Task prompt:
Beginning with the line containing "商品名称:米子旗秋冬女中腰牛仔裤通勤穿搭舒适显瘦九分阔腿裤长裤 269146", write out each line exactly through the end of the listing, and skip all pictures.

The data:
★ ★ ★ ★ ★
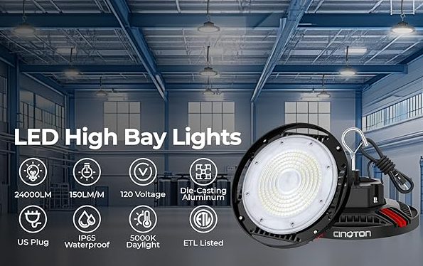 Exceptional Brightness and Energy Efficiency: CINOTON's 160W UFO shop light lets you experience superior brightness, delivering a remarkable 24,000 lumens of 5000K daylight. This efficiency rivals 700W halogen/sodium lamps, instantly reducing your electric bill by up to 85%.
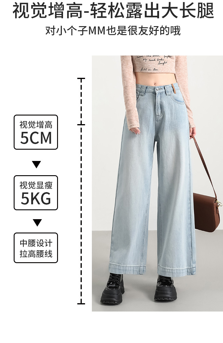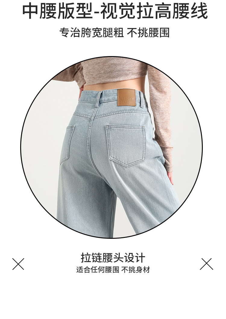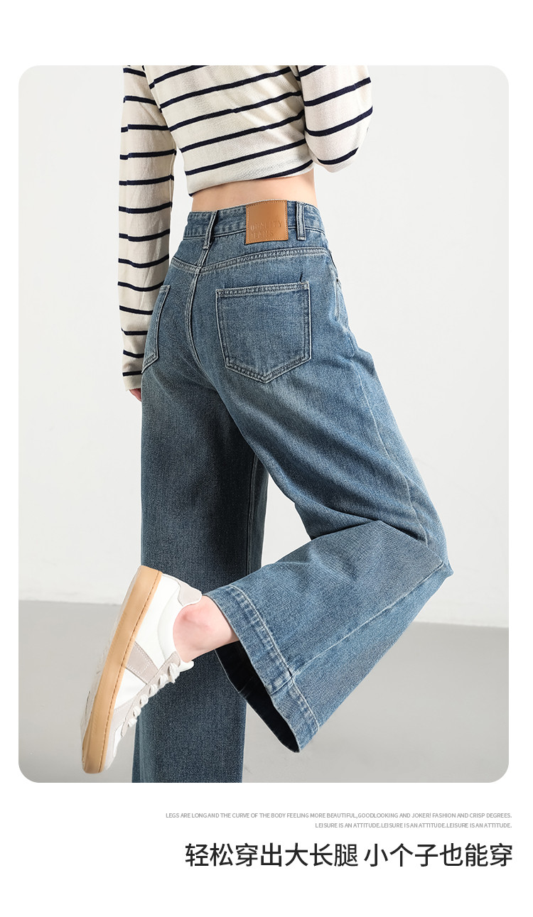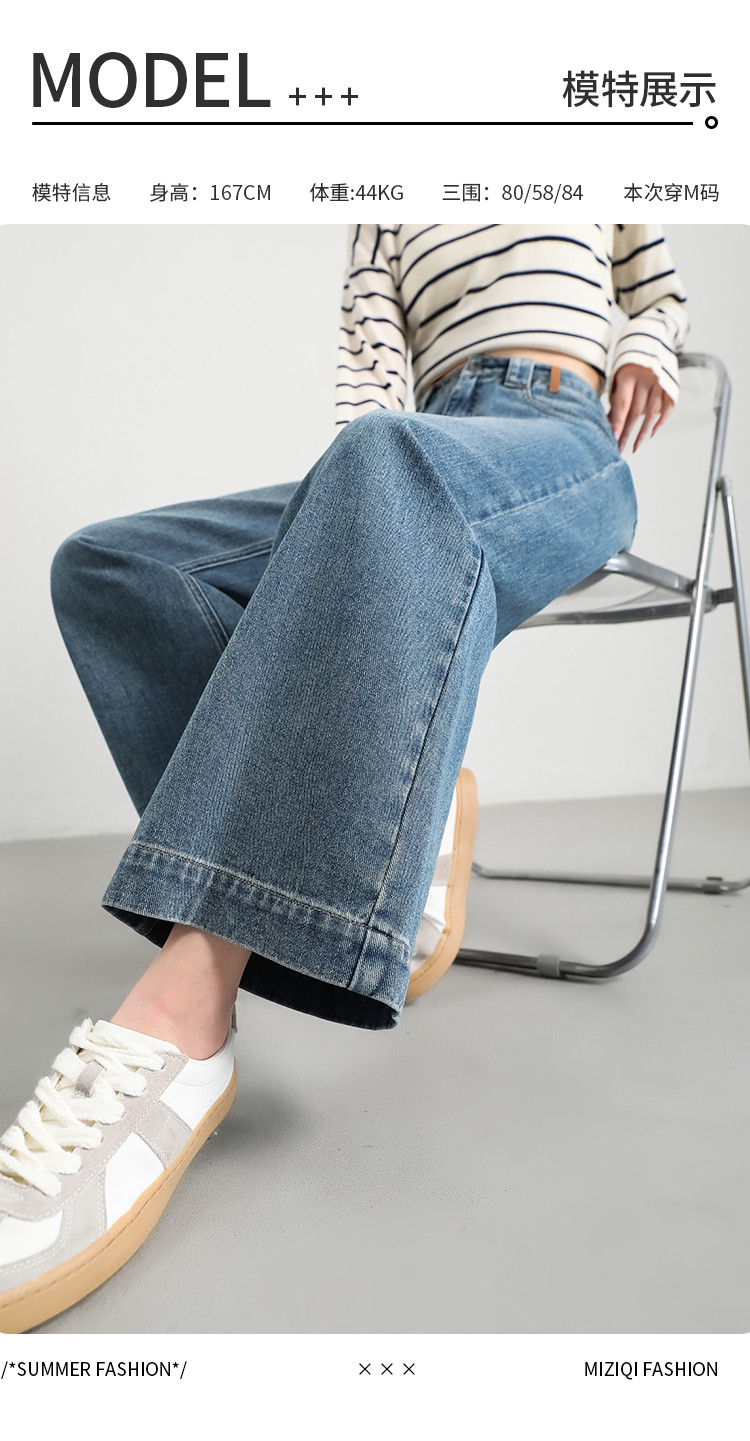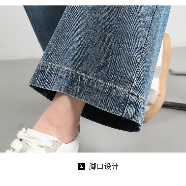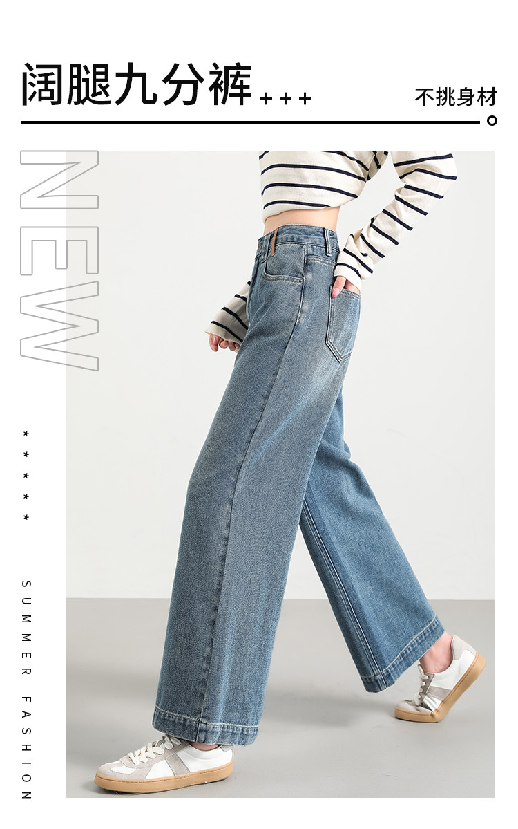 商品名称:米子旗秋冬女中腰牛仔裤通勤穿搭舒适显瘦九分阔腿裤长裤 269146
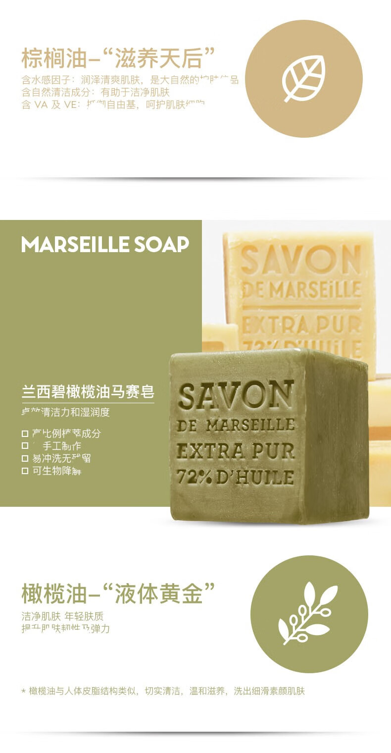 这款马赛皂推荐用来作为沐浴以及清洁衣物,虽然官方说明也是可以用于洁面,
★ ★ ★ ★ ★
Response to the task:
 商品名称:米子旗秋冬女中腰牛仔裤通勤穿搭舒适显瘦九分阔腿裤长裤 269146
 这款马赛皂推荐用来作为沐浴以及清洁衣物,虽然官方说明也是可以用于洁面,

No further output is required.